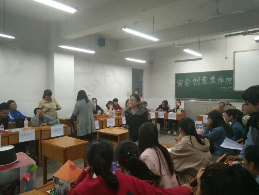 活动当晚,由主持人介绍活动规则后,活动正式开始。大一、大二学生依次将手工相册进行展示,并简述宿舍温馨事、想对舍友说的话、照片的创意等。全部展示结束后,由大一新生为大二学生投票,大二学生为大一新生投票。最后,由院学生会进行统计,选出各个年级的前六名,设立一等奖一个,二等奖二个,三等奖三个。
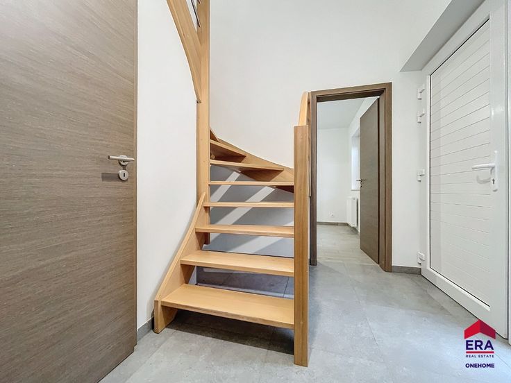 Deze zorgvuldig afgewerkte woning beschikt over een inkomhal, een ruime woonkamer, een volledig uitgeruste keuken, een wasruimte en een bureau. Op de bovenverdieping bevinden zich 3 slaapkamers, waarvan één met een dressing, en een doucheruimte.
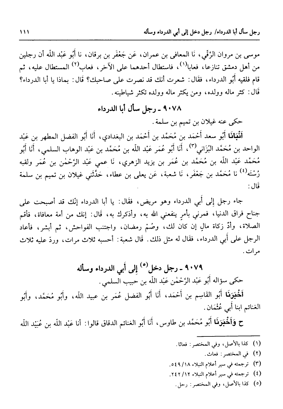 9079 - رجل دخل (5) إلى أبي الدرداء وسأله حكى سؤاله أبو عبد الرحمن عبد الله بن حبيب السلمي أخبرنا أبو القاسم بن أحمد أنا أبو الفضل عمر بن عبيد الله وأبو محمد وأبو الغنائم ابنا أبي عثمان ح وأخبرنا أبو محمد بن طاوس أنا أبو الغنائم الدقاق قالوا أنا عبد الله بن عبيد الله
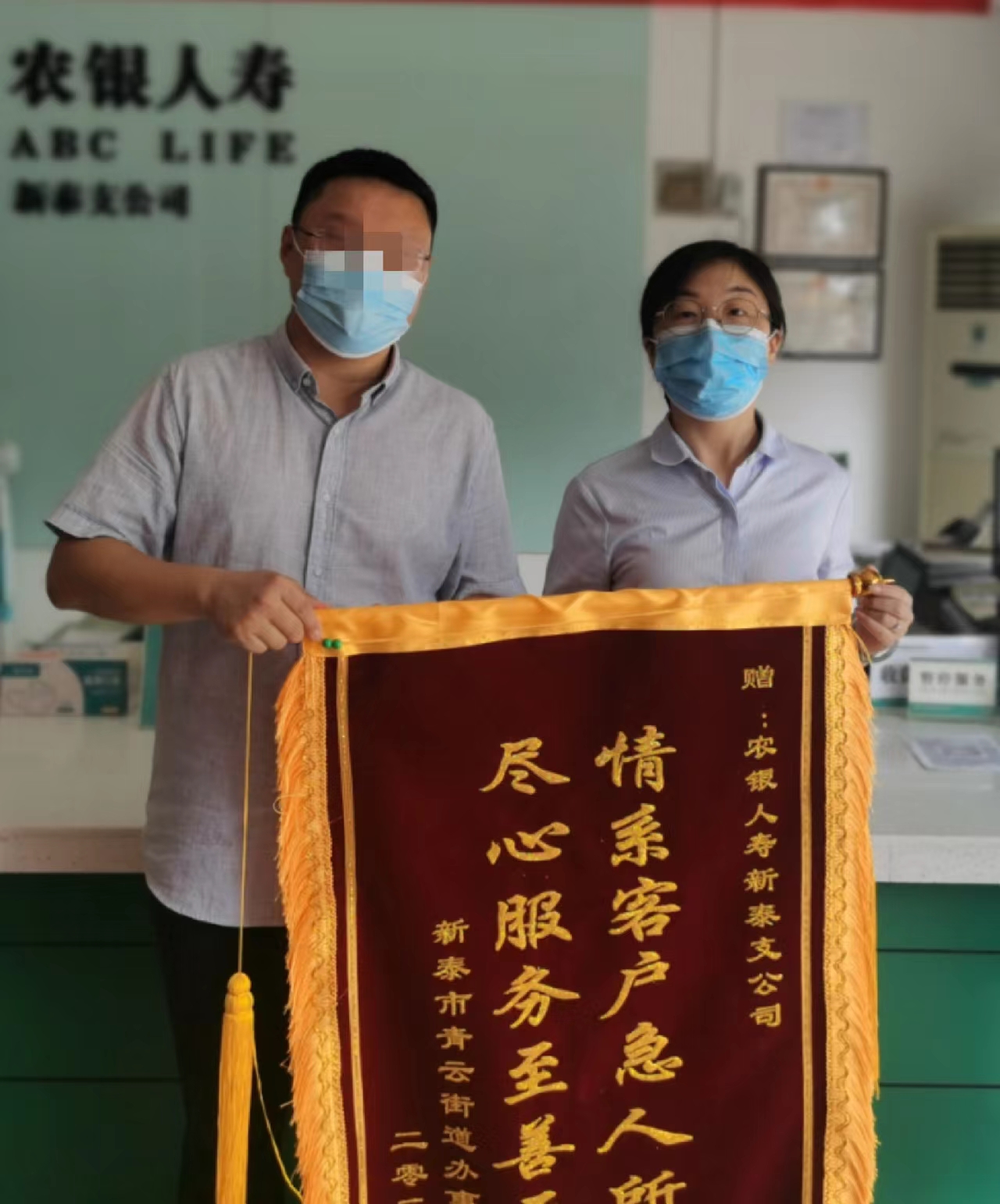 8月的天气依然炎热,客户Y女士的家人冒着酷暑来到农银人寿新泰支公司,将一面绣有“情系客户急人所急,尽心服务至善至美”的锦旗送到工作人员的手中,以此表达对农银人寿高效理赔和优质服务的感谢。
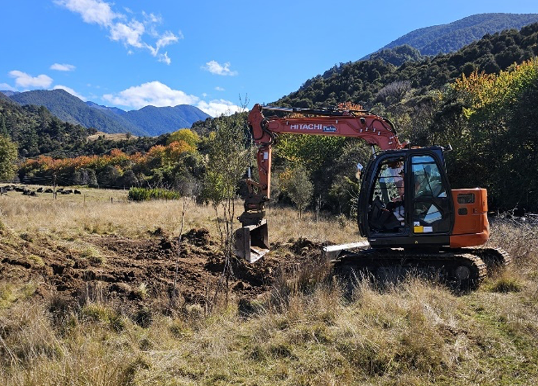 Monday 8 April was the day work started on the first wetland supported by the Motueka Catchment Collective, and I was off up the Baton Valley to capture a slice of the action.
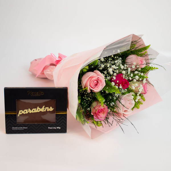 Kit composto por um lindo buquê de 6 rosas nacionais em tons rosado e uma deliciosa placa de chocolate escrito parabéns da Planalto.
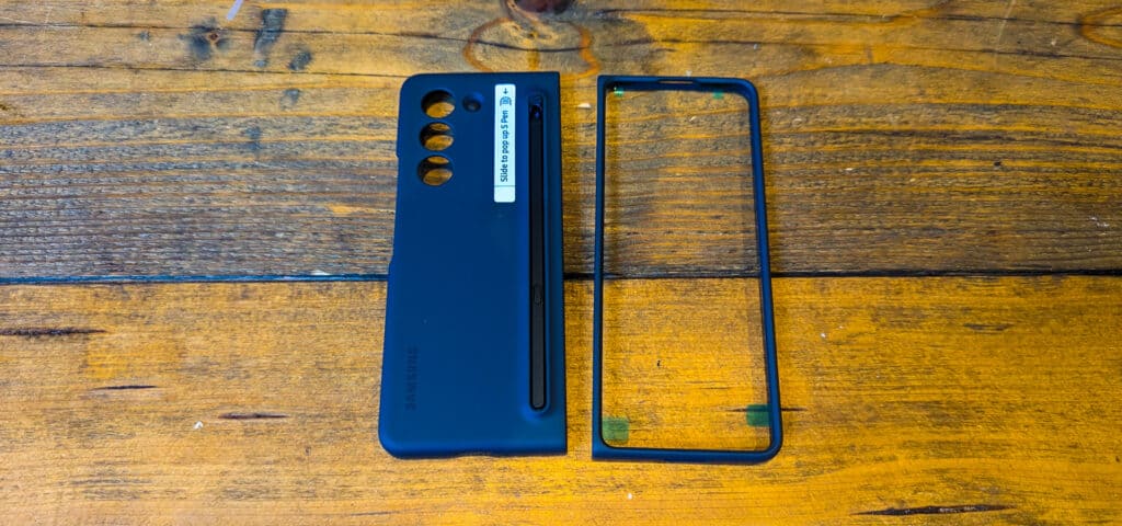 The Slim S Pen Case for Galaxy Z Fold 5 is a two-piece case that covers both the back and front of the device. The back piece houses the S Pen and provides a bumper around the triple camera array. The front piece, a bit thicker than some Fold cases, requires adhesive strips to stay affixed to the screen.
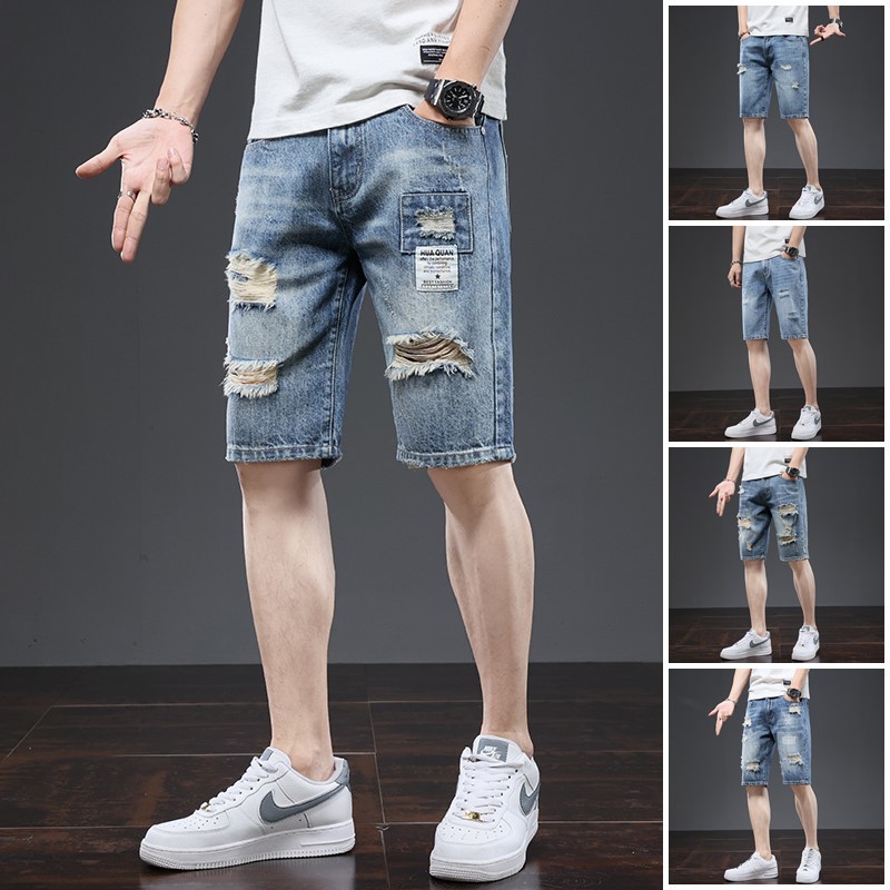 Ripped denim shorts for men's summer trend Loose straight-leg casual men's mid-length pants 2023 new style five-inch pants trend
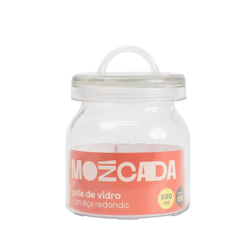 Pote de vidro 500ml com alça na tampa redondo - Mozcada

* * *

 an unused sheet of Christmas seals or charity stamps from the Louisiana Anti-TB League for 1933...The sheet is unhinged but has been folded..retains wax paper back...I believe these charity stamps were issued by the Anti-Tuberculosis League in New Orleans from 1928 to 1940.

--

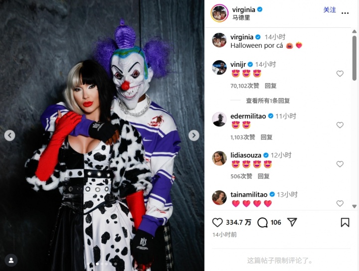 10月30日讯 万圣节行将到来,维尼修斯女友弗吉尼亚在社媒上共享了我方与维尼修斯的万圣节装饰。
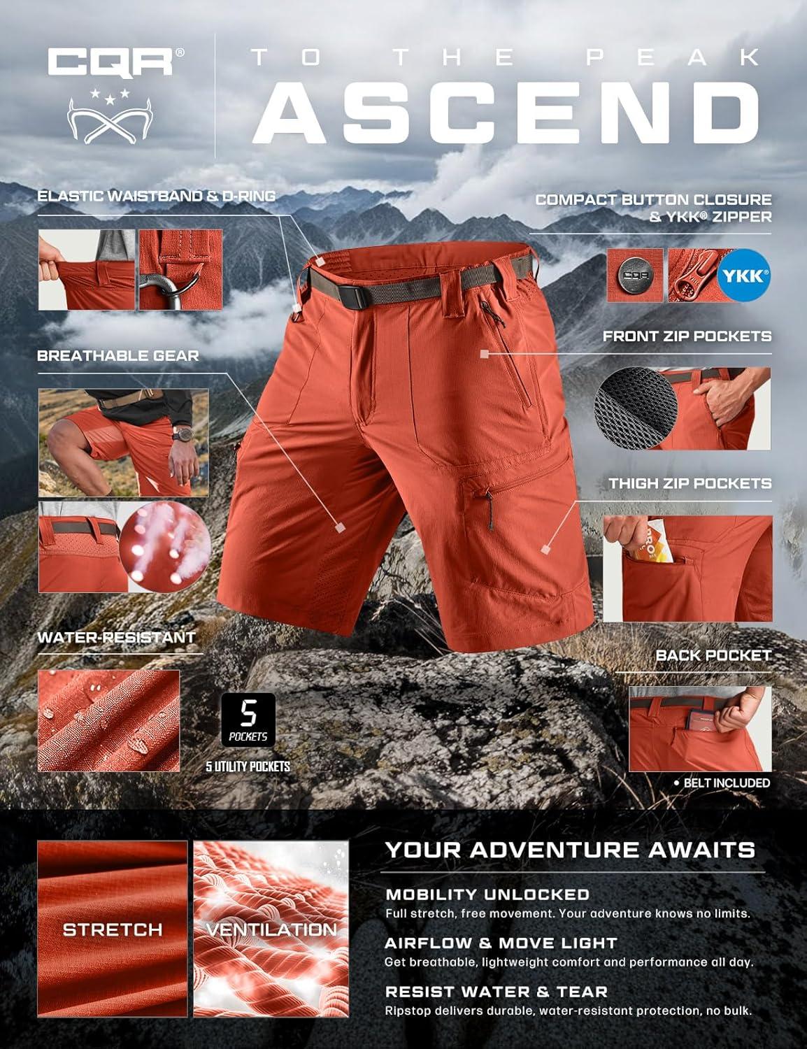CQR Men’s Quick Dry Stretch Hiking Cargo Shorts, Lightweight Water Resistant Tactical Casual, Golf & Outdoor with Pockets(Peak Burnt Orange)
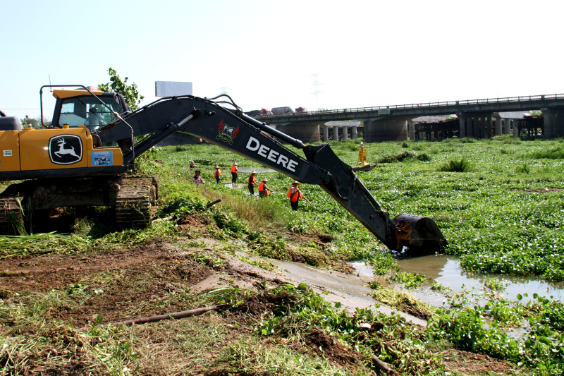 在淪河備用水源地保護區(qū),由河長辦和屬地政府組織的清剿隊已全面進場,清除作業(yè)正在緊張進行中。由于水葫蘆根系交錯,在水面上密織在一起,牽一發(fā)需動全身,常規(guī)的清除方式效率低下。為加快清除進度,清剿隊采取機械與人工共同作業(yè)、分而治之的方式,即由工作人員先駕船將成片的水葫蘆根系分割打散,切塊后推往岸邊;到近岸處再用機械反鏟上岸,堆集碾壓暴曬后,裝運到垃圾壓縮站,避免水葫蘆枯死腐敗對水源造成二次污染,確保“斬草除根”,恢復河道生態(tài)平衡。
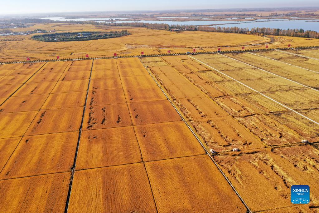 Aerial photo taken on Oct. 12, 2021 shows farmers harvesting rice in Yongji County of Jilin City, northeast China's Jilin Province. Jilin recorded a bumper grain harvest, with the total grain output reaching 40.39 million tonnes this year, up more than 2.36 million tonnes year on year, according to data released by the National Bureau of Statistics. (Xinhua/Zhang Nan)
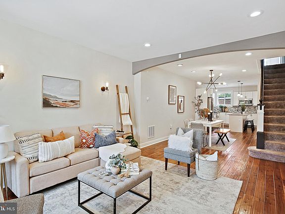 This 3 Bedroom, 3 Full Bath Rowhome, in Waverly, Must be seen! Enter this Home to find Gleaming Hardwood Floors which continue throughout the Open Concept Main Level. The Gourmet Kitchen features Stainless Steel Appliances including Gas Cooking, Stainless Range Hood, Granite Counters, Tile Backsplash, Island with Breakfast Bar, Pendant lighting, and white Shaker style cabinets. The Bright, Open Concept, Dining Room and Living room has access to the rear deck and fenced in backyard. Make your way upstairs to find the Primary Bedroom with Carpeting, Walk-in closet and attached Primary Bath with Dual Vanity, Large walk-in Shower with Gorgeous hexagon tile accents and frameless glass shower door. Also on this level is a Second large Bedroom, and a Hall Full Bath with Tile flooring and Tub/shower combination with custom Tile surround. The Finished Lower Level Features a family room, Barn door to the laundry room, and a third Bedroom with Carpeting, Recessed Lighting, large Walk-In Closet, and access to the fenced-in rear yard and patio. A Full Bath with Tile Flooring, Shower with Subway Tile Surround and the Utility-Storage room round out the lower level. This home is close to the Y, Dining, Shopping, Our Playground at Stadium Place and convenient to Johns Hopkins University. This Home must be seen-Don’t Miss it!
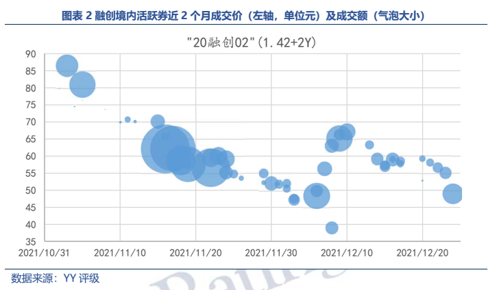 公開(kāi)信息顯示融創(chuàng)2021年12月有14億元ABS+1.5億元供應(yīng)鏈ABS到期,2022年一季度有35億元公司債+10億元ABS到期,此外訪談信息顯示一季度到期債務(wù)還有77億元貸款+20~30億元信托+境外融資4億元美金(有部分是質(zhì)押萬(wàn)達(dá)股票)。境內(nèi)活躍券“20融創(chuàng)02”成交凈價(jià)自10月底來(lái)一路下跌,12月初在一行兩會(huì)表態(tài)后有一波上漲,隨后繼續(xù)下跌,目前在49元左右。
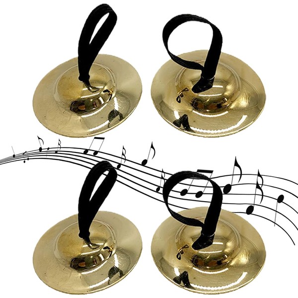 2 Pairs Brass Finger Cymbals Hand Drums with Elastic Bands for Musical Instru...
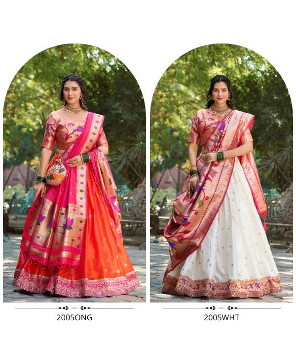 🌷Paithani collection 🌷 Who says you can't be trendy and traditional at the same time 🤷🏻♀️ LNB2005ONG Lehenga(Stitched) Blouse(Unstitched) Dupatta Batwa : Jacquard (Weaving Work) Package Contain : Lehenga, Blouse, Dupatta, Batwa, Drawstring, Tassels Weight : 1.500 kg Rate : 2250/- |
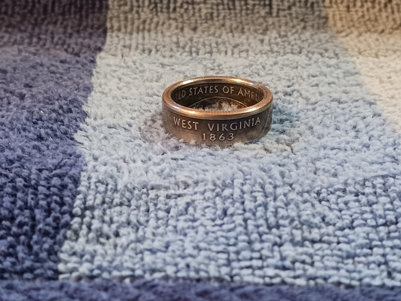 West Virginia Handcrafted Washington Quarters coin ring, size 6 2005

Required action:
In the listing above, find the line with "The Slim S Pen" and output it and every line after it up to and including the line with "Pote de vidro", exactly, minus the pictures.

Exercise output:
 The Slim S Pen Case for Galaxy Z Fold 5 is a two-piece case that covers both the back and front of the device. The back piece houses the S Pen and provides a bumper around the triple camera array. The front piece, a bit thicker than some Fold cases, requires adhesive strips to stay affixed to the screen.
 Ripped denim shorts for men's summer trend Loose straight-leg casual men's mid-length pants 2023 new style five-inch pants trend
 Pote de vidro 500ml com alça na tampa redondo - Mozcada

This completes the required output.